Friday, Sep. 15, 1961
Born. To Harry Belafonte, 34, stormy king of folk singers, and Julie Robinson, 32, his ex-dancer second wife: their second child, first daughter; in Manhattan.
Married. William McCormick Blair Jr., 44, former law partner of Adlai Stevenson, now serving as U.S. Ambassador to Denmark; and Catherine ("Deeda") Gerlach, 29, a fellow Chicago socialite; he for the first time, she for the second; outside Copenhagen at Frederiksborg Castle, which was packed with the flower of U.S. Democracy, headed by the President's mother. Mrs. Joseph Kennedy.
Married. Jean Kerr McCarthy, 36, widow of the late Senator from Wisconsin; and G. Joseph Minetti, 53, Brooklyn Democrat appointed to the Civil Aeronautics Board in 1956; both for the second time: in Washington's St. Matthew's Roman Catholic Cathedral, scene of the McCarthy wedding eight years ago.
Died. Brigadier Joseph Michel, 44, Sandhurst-trained Ghanaian army officer who. the day before his death, had been named chief of staff of U.N. forces in the Congo: of injuries following a plane crash; in Kintampo, Ghana.
Died.
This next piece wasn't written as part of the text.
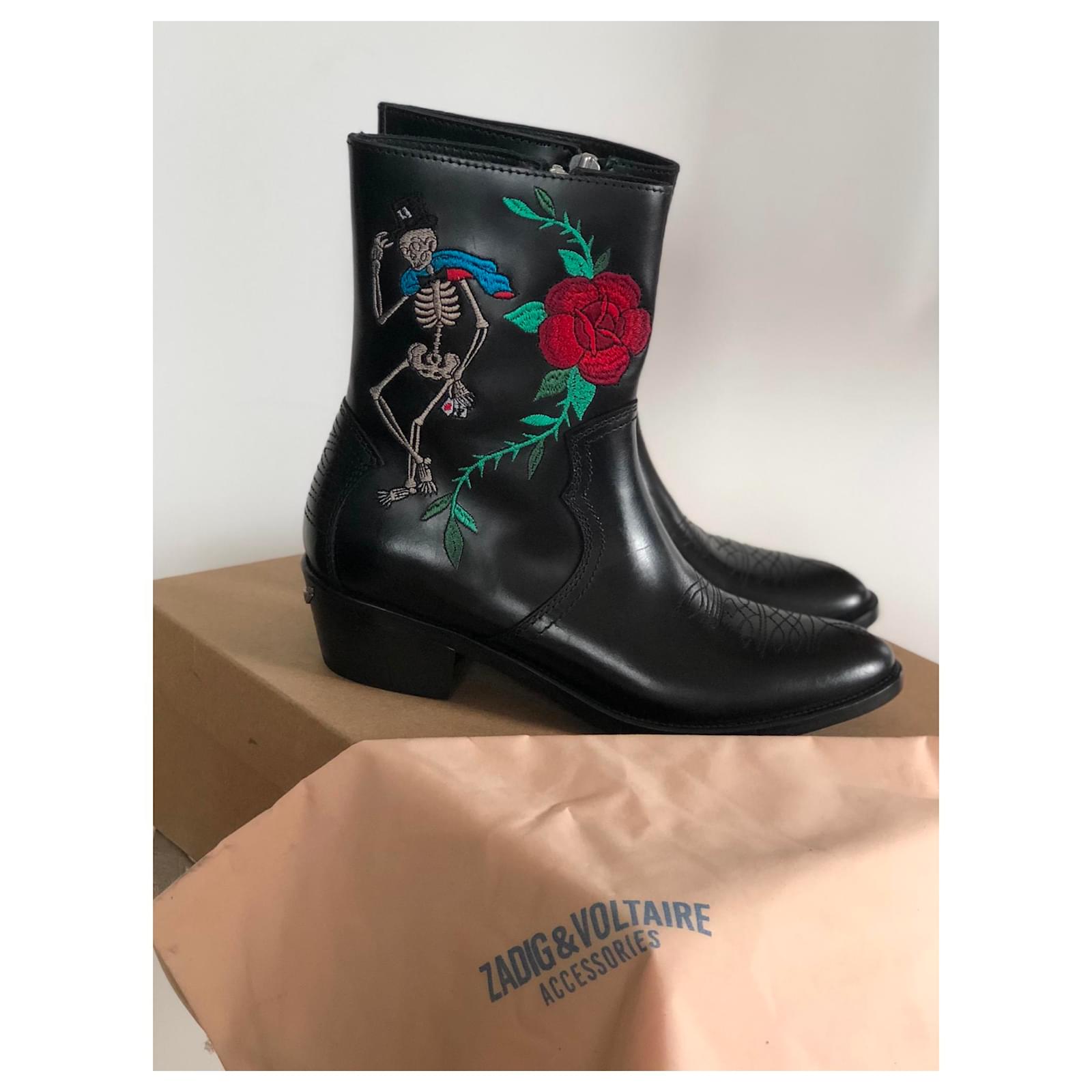 Zadig & Voltaire Ankle Boots Black Leather ref.152879 - Joli Closet zadig et voltaire santiag

Robert Ellsworth Gross, 64, intuitive titan of the U.S. aircraft industry, an unmechanical, piano-playing Harvardman (class of '19) who made his first million by the age of 30, blew it manufacturing sport seaplanes, but in 1932 plunked down $40,000 for bankrupt Lockheed Aircraft, which he proceeded to build into the nation's 28th biggest industrial corporation, with 1960 gross sales of $1,332,289,000; of cancer; in Santa Monica, Calif. As chairman and moving spirit of giant Lockheed. Bostonian Gross equipped the armed forces with aircraft and weapons ranging from the P-38 and the Constellation to the Polaris missile, also furnished the U.S. with its most famed cold war intelligence tool: the U2.
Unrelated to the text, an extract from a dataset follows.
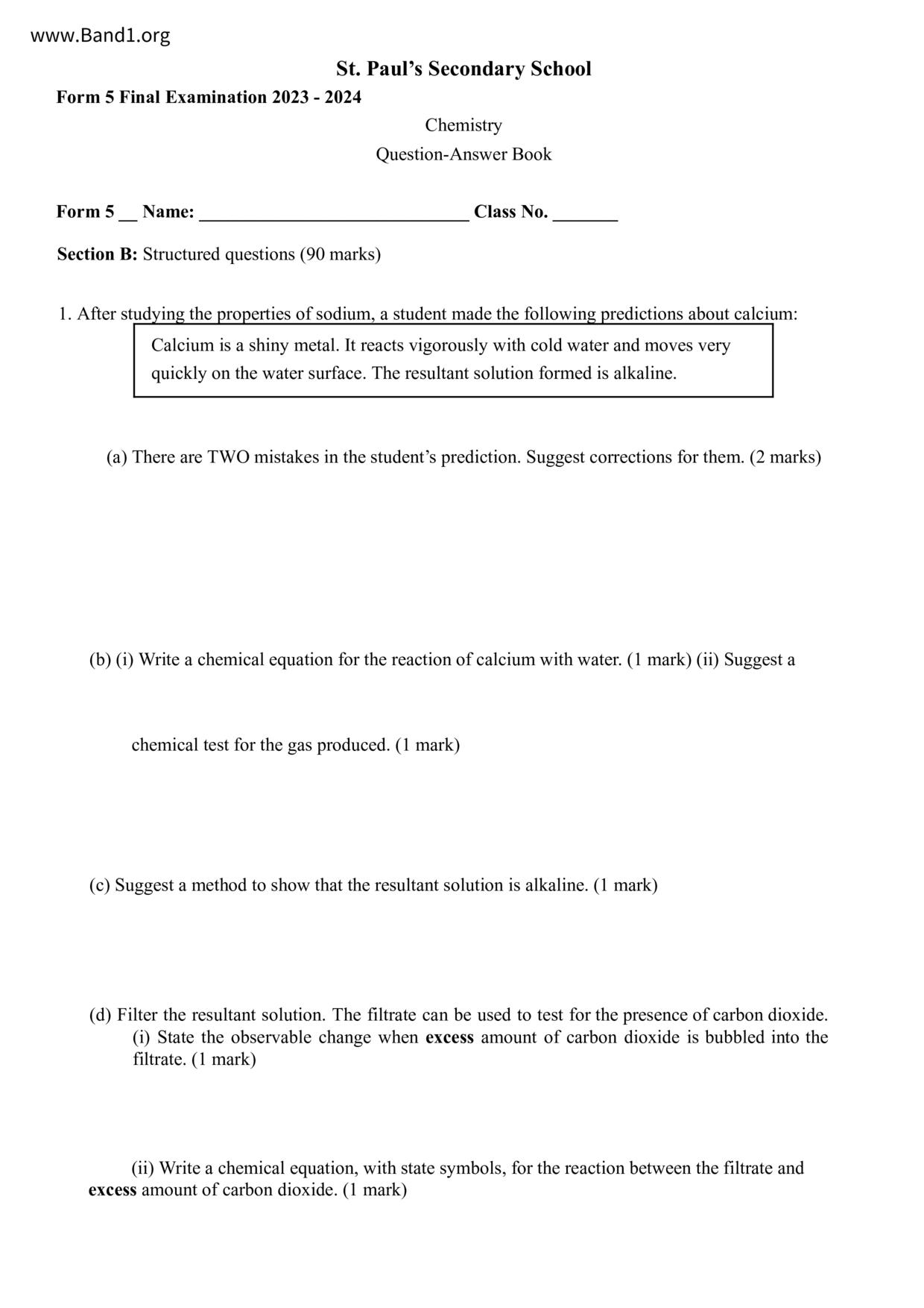 中四 化學 聖保羅書院

Died. Lawrence Peter Fisher, 72, high-living, art-fancying member of the "Body by Fisher" dynasty who. as vice president of General Motors after Fisher's absorption by G.M.. fathered the now defunct La Salle and the nation's first 16-cylinder car. the 1930 Cadillac V16: of a circulatory failure: in Detroit.
Died. Admiral DeWitt Clinton Ramsey, 72, vintage naval aviator who bossed the Bureau of Aeronautics during World War II, served as Vice Chief of Naval Operations from 1946 to 1948; of Parkinson's disease: in Philadelphia.
Died. Charles Dunbar Burgess King, 86, President of Liberia from 1920 to 1930, who resigned under fire when slave-running operations were uncovered in the African republic founded by freed U.S. slaves; after a long illness; in Monrovia.